The team then investigated whether the results were simply due to the super-recognizers examining more areas of a face and therefore taking in more information.

However, they found that even when the amount of face captured in retinal information was the same, the AI ​​system performed better when fed data from super-recognizers.

“That means their advantage is not just about quantity, but also about quality,” Dunn said. “They choose regions that contain more identity cues, so each ‘pixel’ they choose has more value in recognizing a face.”

Dr Rachel Bennetts, a facial treatment expert at Brunel University in London who was not involved in the work, welcomed the study.

“For me, his main contribution to our understanding of super-recognition is the conclusion that superior facial recognition is not just about looking at a specific area, or looking longer or at more places on a face.
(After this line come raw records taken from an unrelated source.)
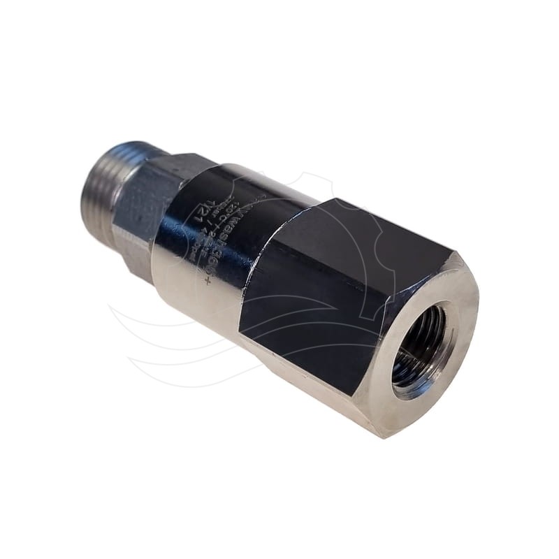 Easywash365+ Přímý otočný konektor G1/4"F-M18x1,5M. Pouzdro z nerezové oceli a poniklované mosazi. Hřídel z nerezové oceli s průměrem průtoku 6 mm. Maximální tlak 275 barů, maximální teplota 120 °C.
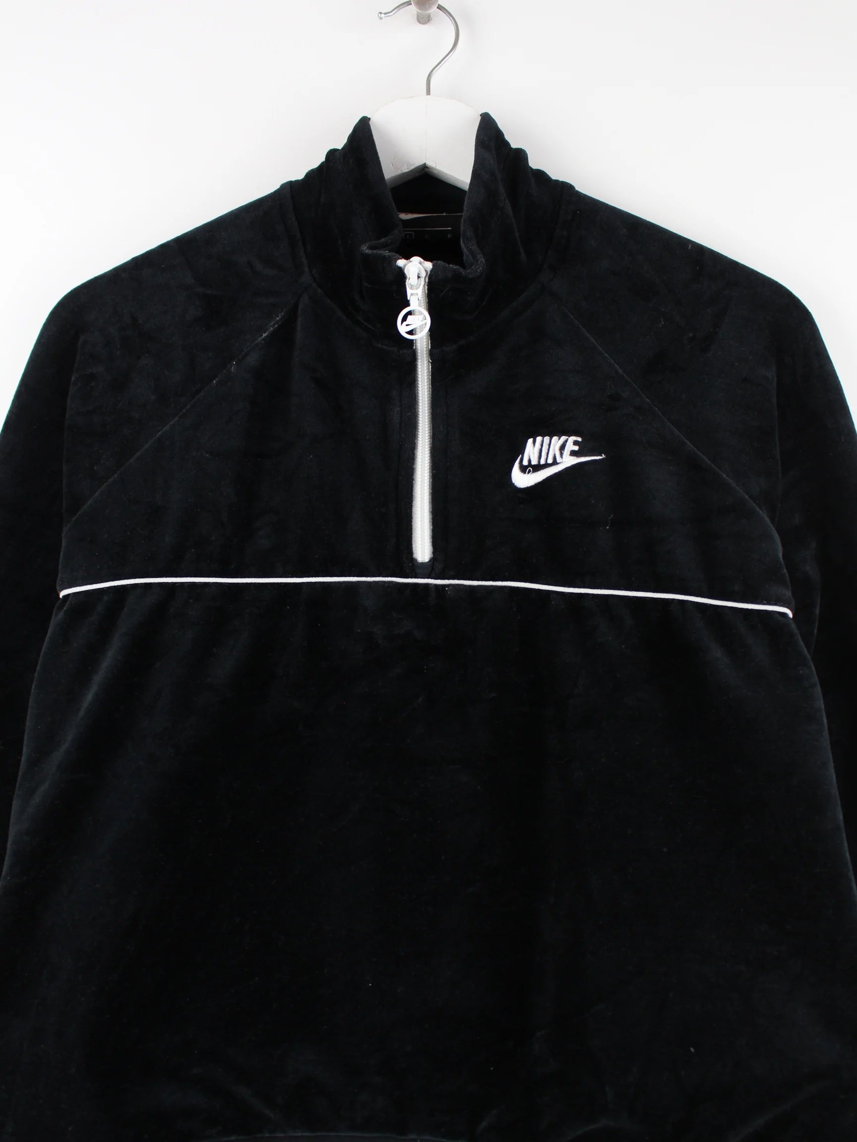 Nike Damen Velour Half Zip Sweater Schwarz L
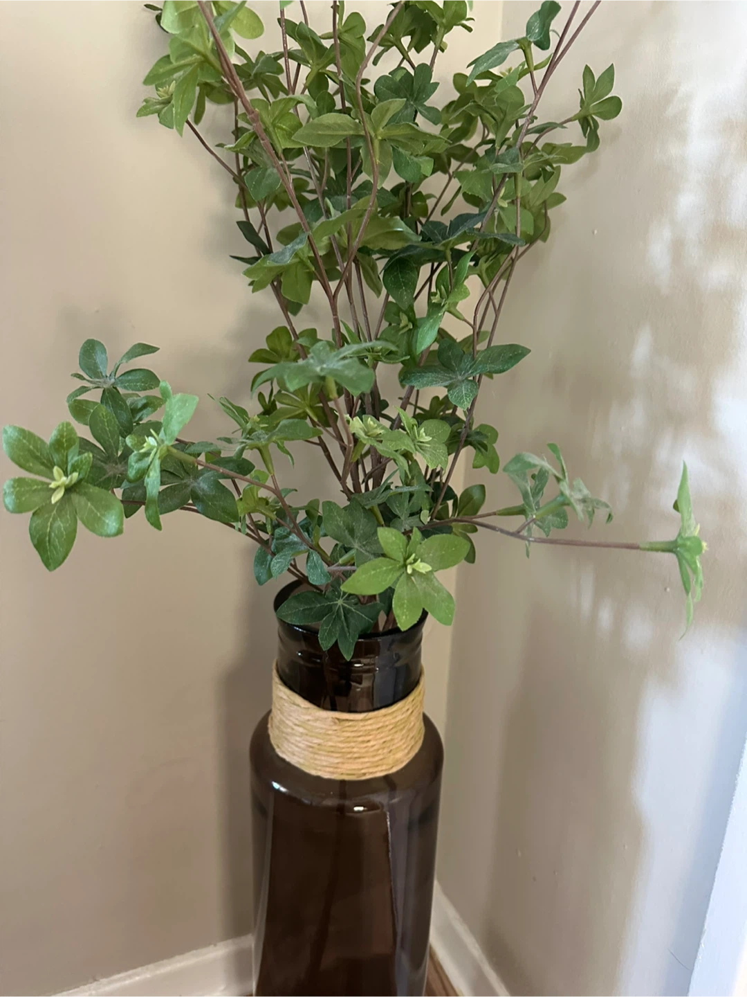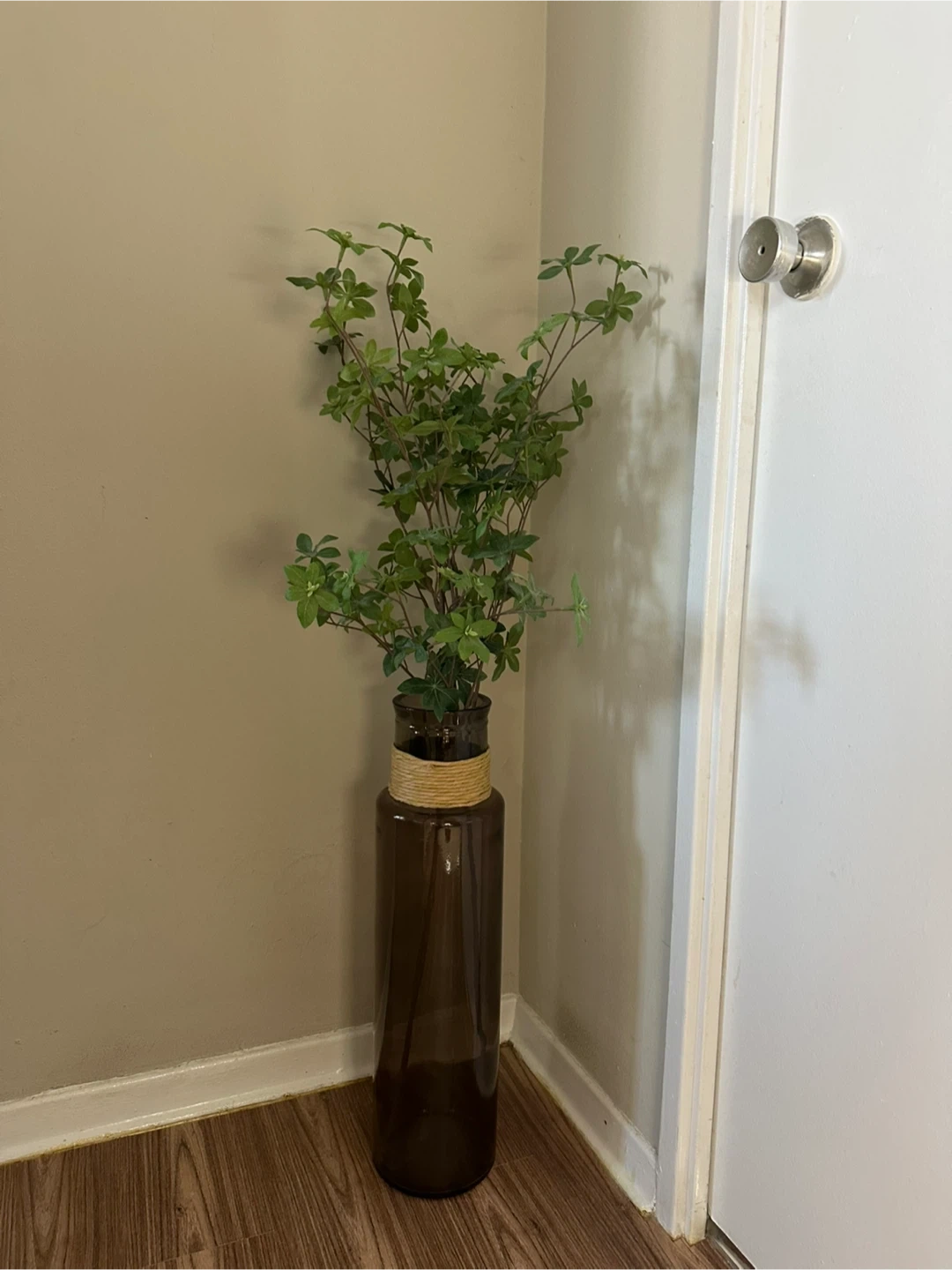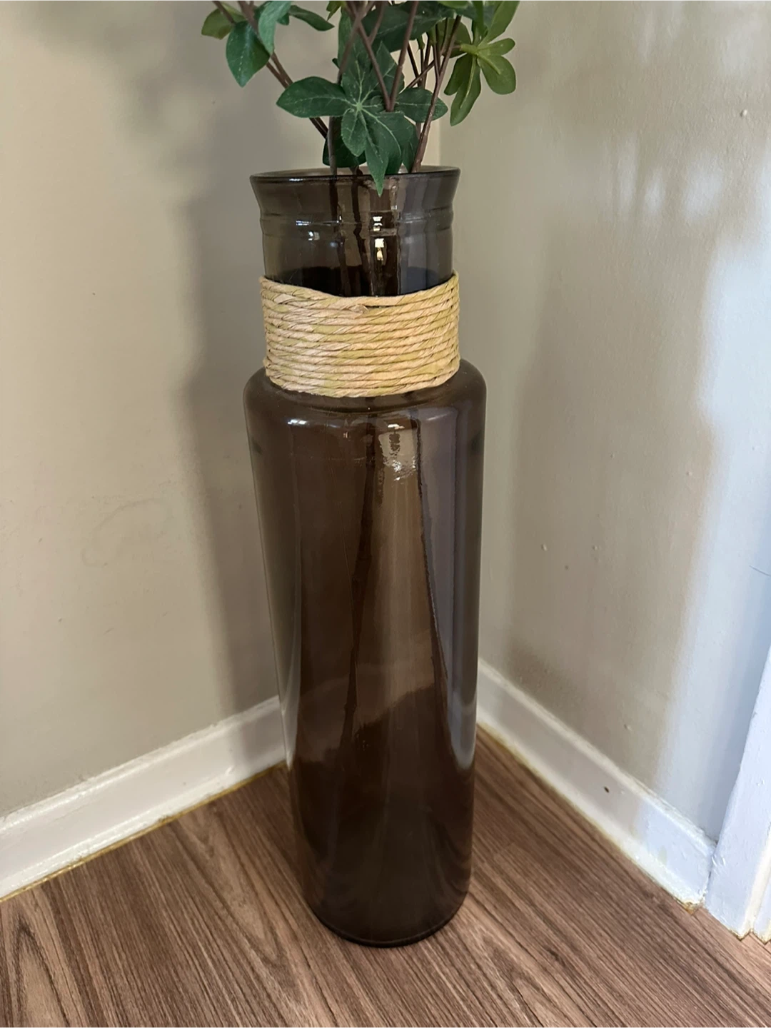 Brown Glass Vase with Twine Detail

Super-recognizers explore the face more broadly, but also allow more useful features to be sampled. information,” she said.

Dr Alejandro Estudillo from Bournemouth University said the study was based on showing still images to people under highly controlled conditions.

“It will be important to test whether the same pattern holds in more naturalistic and dynamic scenarios,” he said.

Although the study suggests that there are tactics that can make facial recognition easier, it seems unlikely that everyone can become a super-recognizer.

“At the moment, we don’t know whether these eye movement patterns could be trained effectively,” Bennetts said.

Dunn said studies suggest super-recognition is rooted in genetics and is hereditary.

“Super-recognizers seem to naturally select the most useful features, and that’s hard to train because it varies from face to face,” he said.

Researchers have developed a free test to help identify super-recognizers, available from UNSW Face Test.